(Records from a collection)

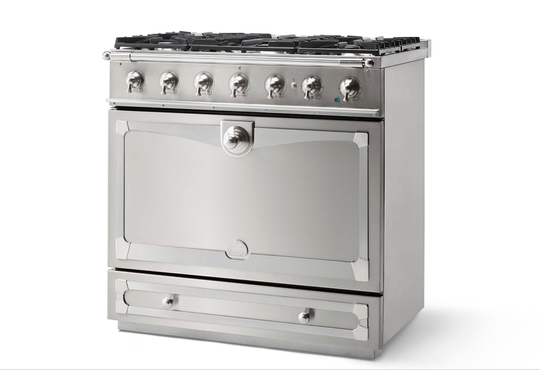 LaCornue Albertine 90cm Dual Fuel Cooker – Brushed Stainless Steel with Brushed Nickel & Stainless Steel Trim
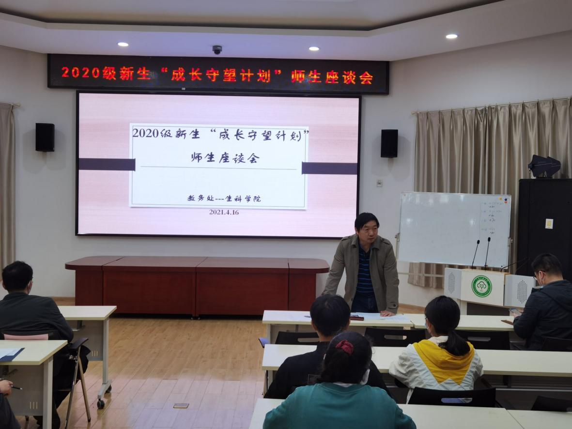 4月16日下午,教務處(監評中心)黨支部與生命科學學院2020級“成長守望計劃”師生座談會在四號樓多功能廳召開。教務處(監評中心)班子成員、老師及生命科學學院2020級有關同學參加了座談會。座談會由教務處(監評中心)黨支部書記余俊同志主持。
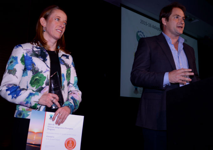 Above: Liz Floyd (EIANZ NSW Division, Learning to Adapt Sub-committee) and Tom Davies (Chair, EIANZ Climate Change SiS) accepting the award
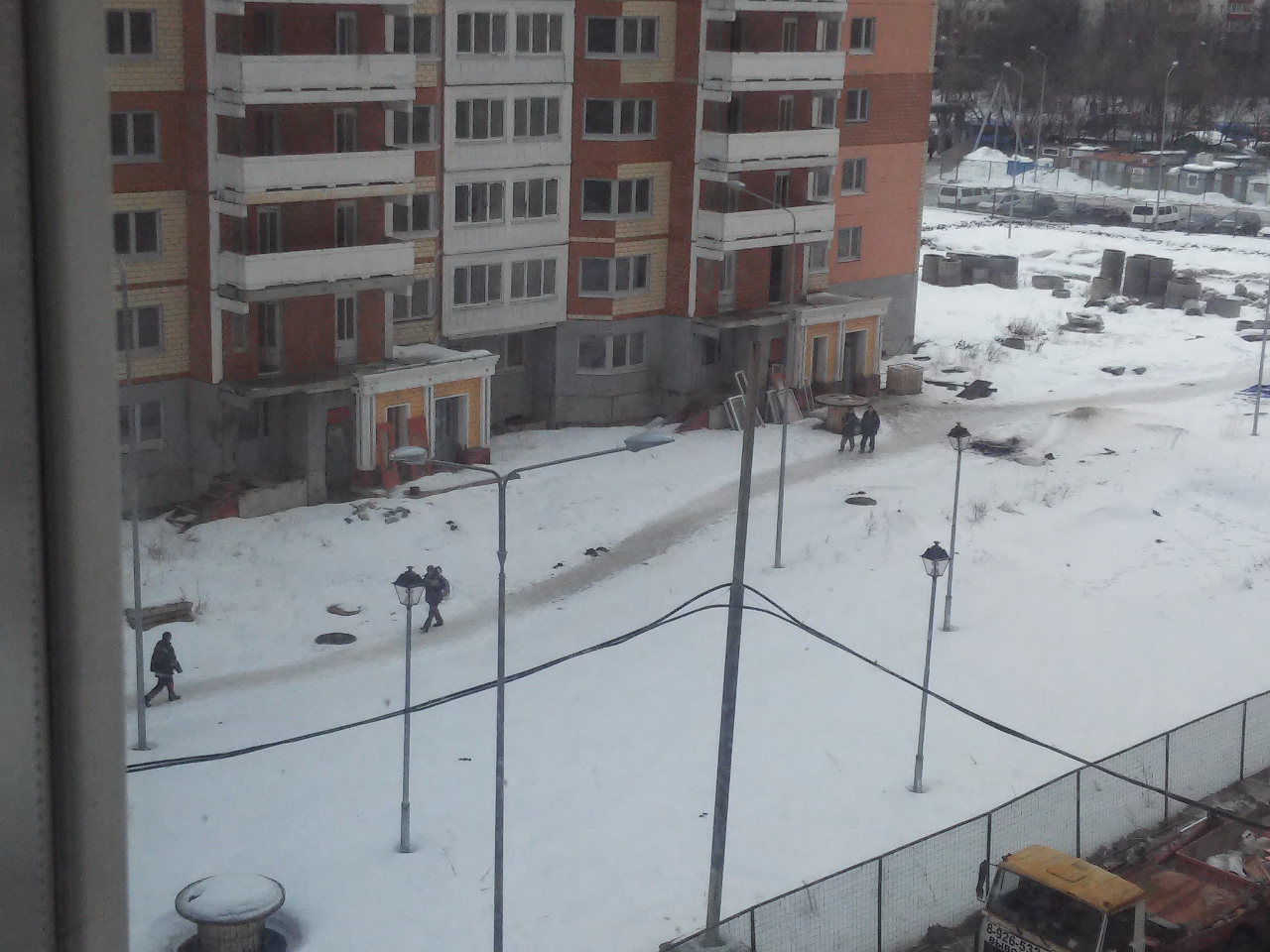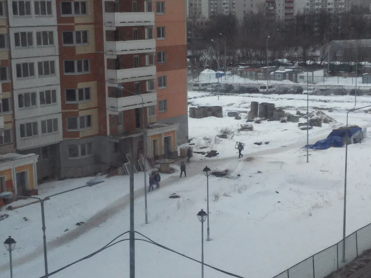 Если так и дальше будет "бурлить", то годков пять ждать окончания "бурления"! Максимально 8 строителей насчитал, остальные, видимо, внутри замаскировались. Может весна подействует на рост строительной активности, но приток обещанных денег, конечно, сильней бы оживил стройку.
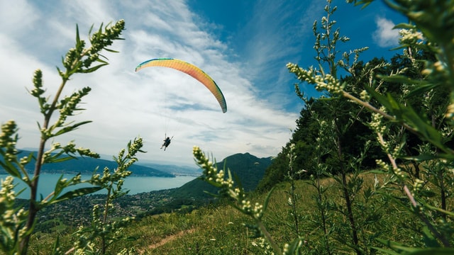 Entdecke das Gleitschirmfliegen auf sanfte Weise bei einem ruhigen Morgenflug über dem See von Annecy. Fotos und Videos gratis!
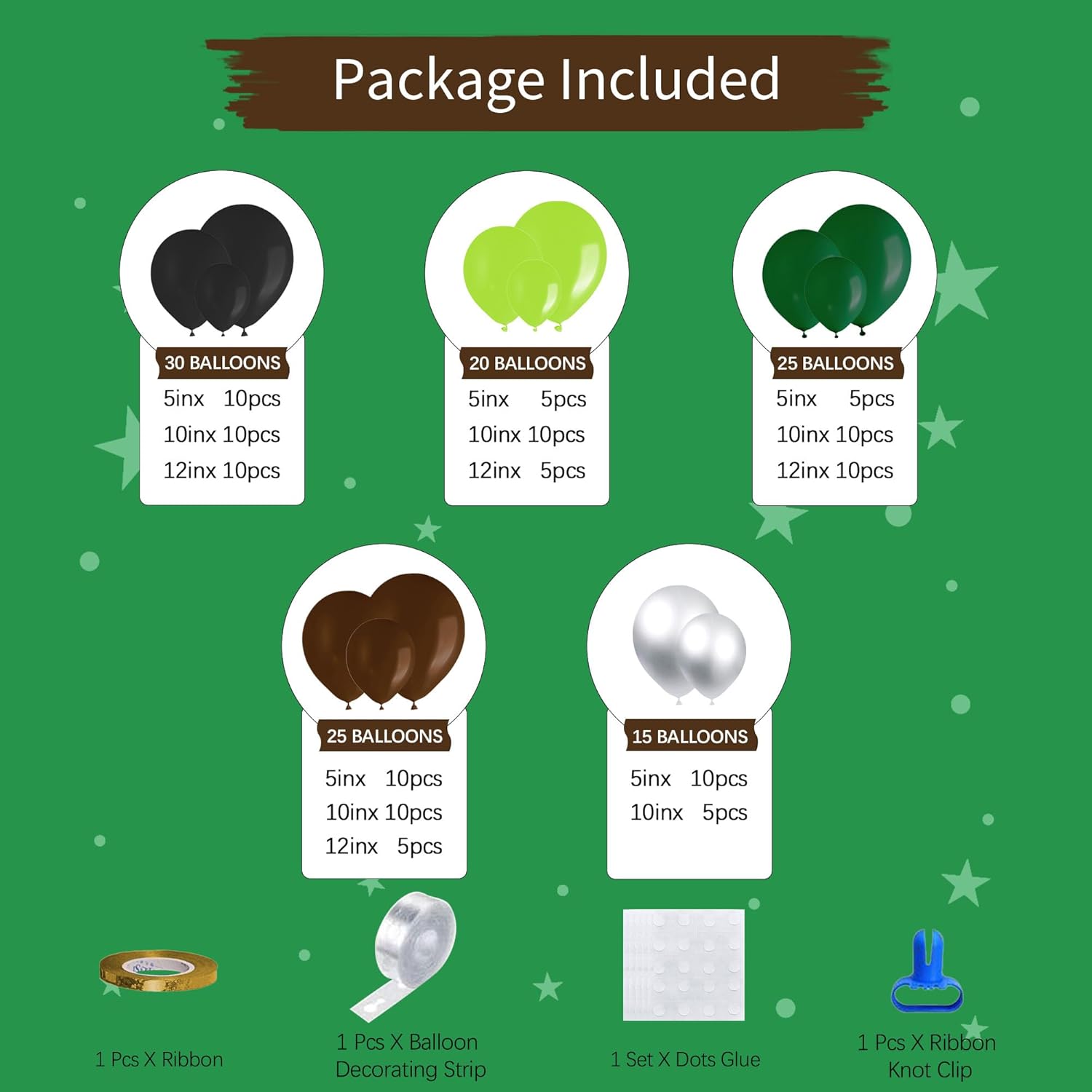 - 【Package Included】115Pcs green-brown black balloon garland kit includes 12-inch, 10-inch, and 5-inch latex balloons (detail see image), and 4pcs balloon arch DIY accessories. Our latex balloons are made from quality materials, ensuring they maintain their shape and color for longer periods. This means that your balloon arch will stay looking fresh and vibrant throughout your event, leaving a lasting impression on your guest

-- Assigned task --
Write out again, exactly, each line from the one containing "Entdecke das Gleitschirmfliegen" through the last line of the entries, and omit every picture.

-- Reply to the exercise --
 Entdecke das Gleitschirmfliegen auf sanfte Weise bei einem ruhigen Morgenflug über dem See von Annecy. Fotos und Videos gratis!
 - 【Package Included】115Pcs green-brown black balloon garland kit includes 12-inch, 10-inch, and 5-inch latex balloons (detail see image), and 4pcs balloon arch DIY accessories. Our latex balloons are made from quality materials, ensuring they maintain their shape and color for longer periods. This means that your balloon arch will stay looking fresh and vibrant throughout your event, leaving a lasting impression on your guest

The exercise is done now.